1989年
著者:本好茂一
所属:日本獣医畜産大学 獣医内科学教室

  • 健康科学
  • 生活習慣病予防
血清コレステロール濃度が、動脈硬化への発生機序への引き金となり冠動脈性心疾患発症との間の関係は、昭和61年度の厚生省実態調査でも、明らかにされている。血清中の、特に低密度リポタンパク質(LDL)-コレステロール濃度を低下させる事は、このリスクからのがれるもっとも有効な方策であり、食物による高コレステロール症の予防や改善は、非常に重要な手段となりうる。

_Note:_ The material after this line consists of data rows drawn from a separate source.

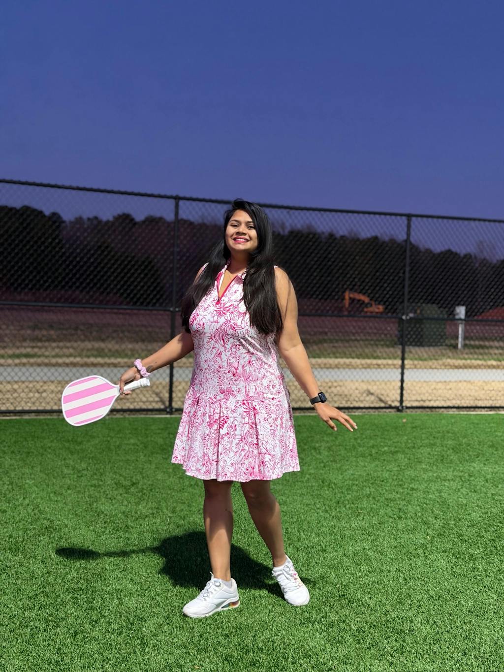Embrace the wild spirit with our sleeveless pleated dress from our Call of the Wild Collection. Crafted from 4-way stretch fabric, this women's golf dress ensures a full range of motion. The flowy 34" hem makes it the perfect blend of comfort and style for the court or green.
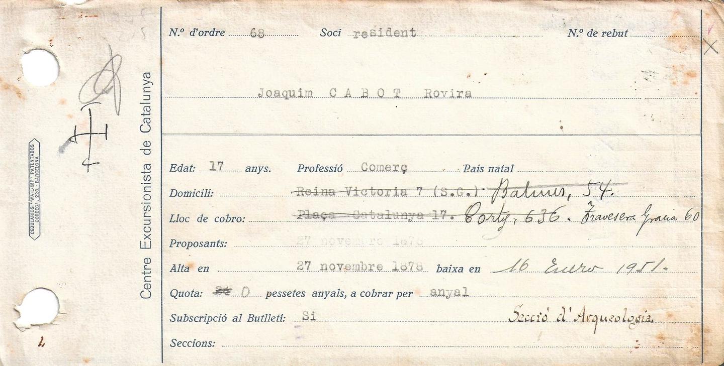 Fitxa de soci número 2, pertanyent a Joaquim Cabot i Rovira. Secció d’Arqueologia. Alta: 27 de novembre de 1878. Baixa: 16 de gener de 1951.
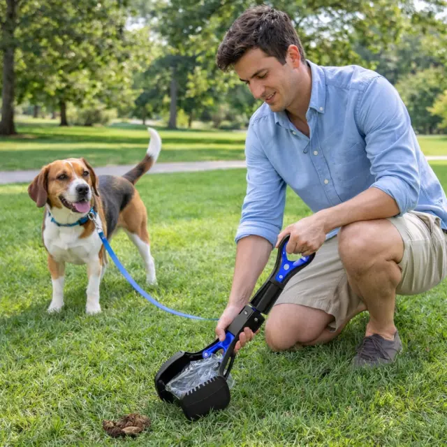 Ta pripomoček za pobiranje pasjih odpadkov je izdelan iz trpežnih materialov v klasični črni in modri barvi in je namenjen vsakodnevni uporabi. Lahka, a trpežna zasnova je idealna za lastnike hišnih ljubljenčkov vseh velikosti in pasem.
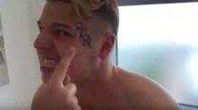 az itt lévő FB komment alapján már az első napon, mikor találkoztak) az arcára varratta újdonsült barátja nevét (aki nem mellesleg
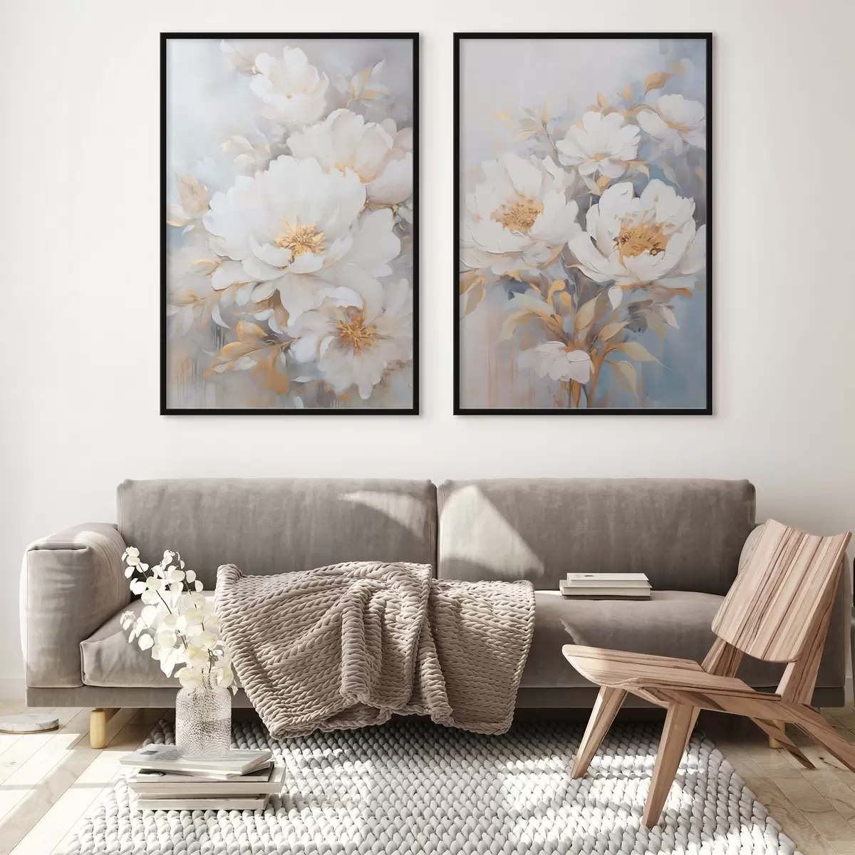 Poster Witte pioenrozen met gele hartjes en bladeren, zachte penseelstreken, lichtblauwe achtergrond, bloemstuk Nr d00878

多くの食品素材の中でも、特に牛乳には、栄養源以外の合目的性をもった各種活性構造物質が含まれている可能性は大きい。継続的な牛乳脂肪(バター)の多量摂取は、血清コレステロール濃度の上昇を招来するが、同量の脂肪を含むクリームの場合には、コレステロールの上昇は全く認められない事がボランテアによる人間血漿コレステロールで確かめられている。この事実はクリームの表面構造を形成している脂肪球皮膜成分(MFGM)中に降コレステロール作用がある可能性を示唆するものであり、動脈硬化防禦への一助となる可能性を秘めている。今回、クリームおよびMFGMの降コレステロール効果を調べるとともに、MFGMの電気泳動による理化学的検索を行った。